Saturday, June 11, 2016

What kind of strings have Kolmogorov complexity equal to their length ?

I have been doing some reading about Information Theory and Kolmogorov complexity lately. I just thought about the following problem. Consider a language of all C programs (strings) which print themselves, formally Let $$L_{self} = \{ w\,\, | w\,\, \mbox{is a C program which prints itself} \}$$.
Following is an example of a C program which prints itself (on a side-note the trick behind the construction is to use the ASCII values for quotes and newlines).
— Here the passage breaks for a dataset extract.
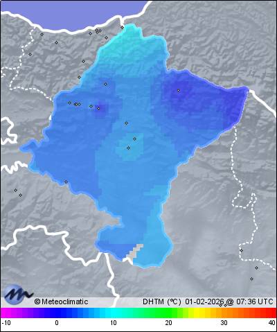 | Actualizado: 05:50 UTC | 2,8°C 97% | 3,5 °C / 97% | | 1,7°C / 95% | | Calma | | 3 km/h | | 1.014 hPa | | 0,2 mm |
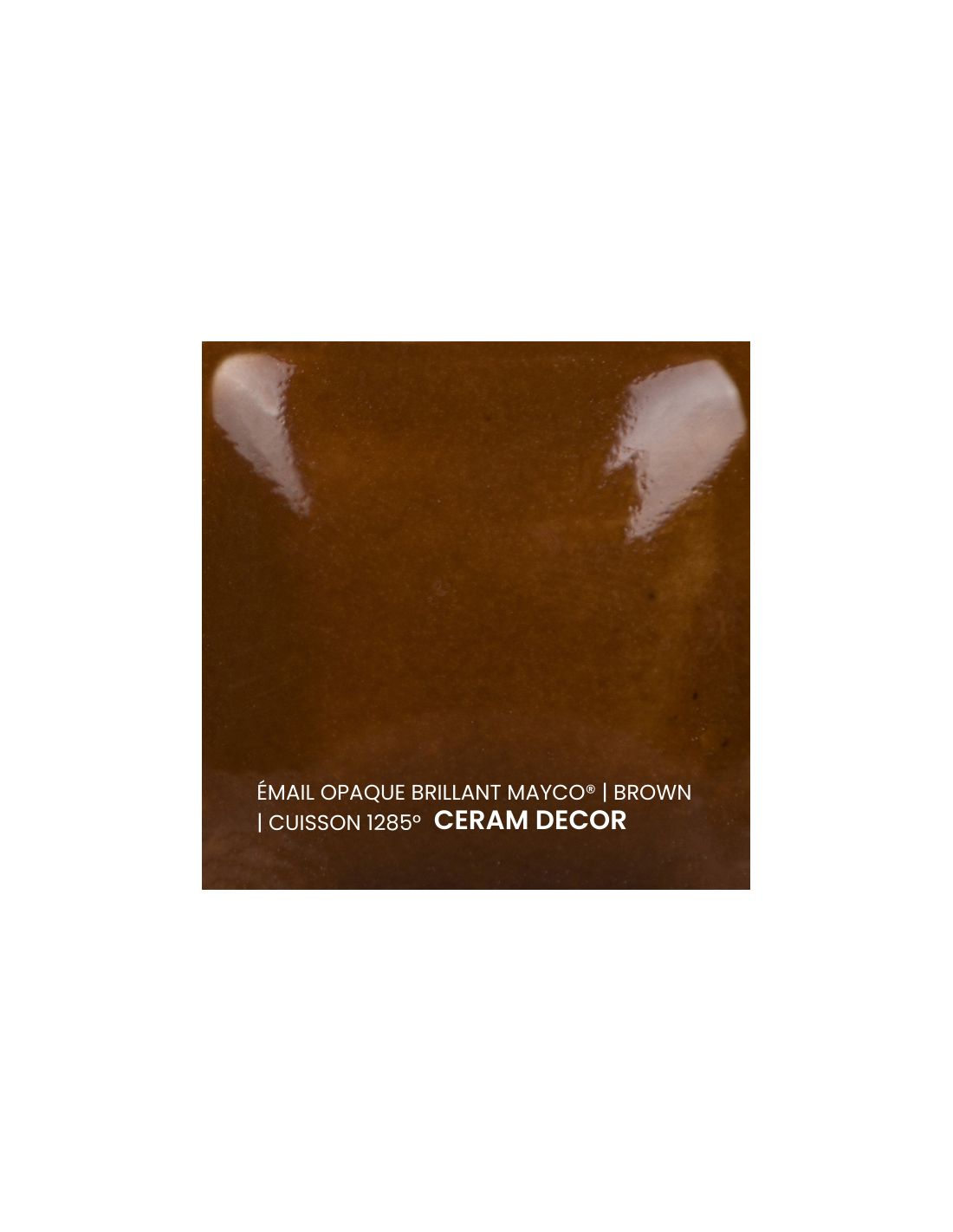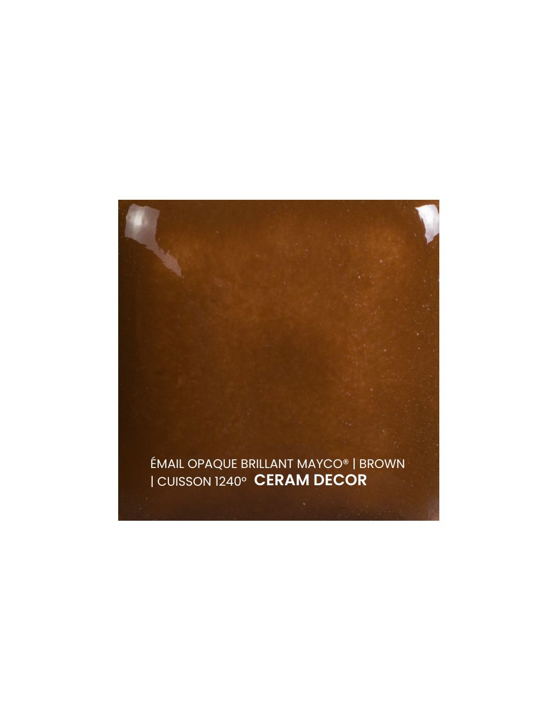 L'émail opaque brillant marron Mayco® est non toxique, pardonne tout et a un temps de séchage rapide et stable, tout en donnant à votre pièce une brillance éclatante ! Il améliore également les couleurs sous glaçure, est résistant à l'engouement et, surtout, est très facile à utiliser. Sa composition et son mode de fabrication lui assure un excellent nappage lors de la cuisson qui corrige éventuellement les défauts d'application. Il est très flexible et simple d'emploi. Toutefois, il peut donner un reflet bleuté sur certaines terre rouges.

Clearly the Kolmogorov complexity of each w is less than or equal to the length of w -- given that we have constructed a program of length same as the string w.
I'm wondering if this is indeed optimal ? -- that is given a w, if its possible to produce a program to generate w and size strictly less than |w|.

char qt=34;
char nl=10;
char *str="char qt=34;%cchar nl=10;%cchar *str=%c%s%c;%cint main() {%c printf(str,nl,nl,qt,str,qt,nl,nl,nl,nl);%c}%c";
int main() {
 printf(str,nl,nl,qt,str,qt,nl,nl,nl,nl);
}

BTW, compile the program with
gcc -w 
to suppress warnings about header inclusion.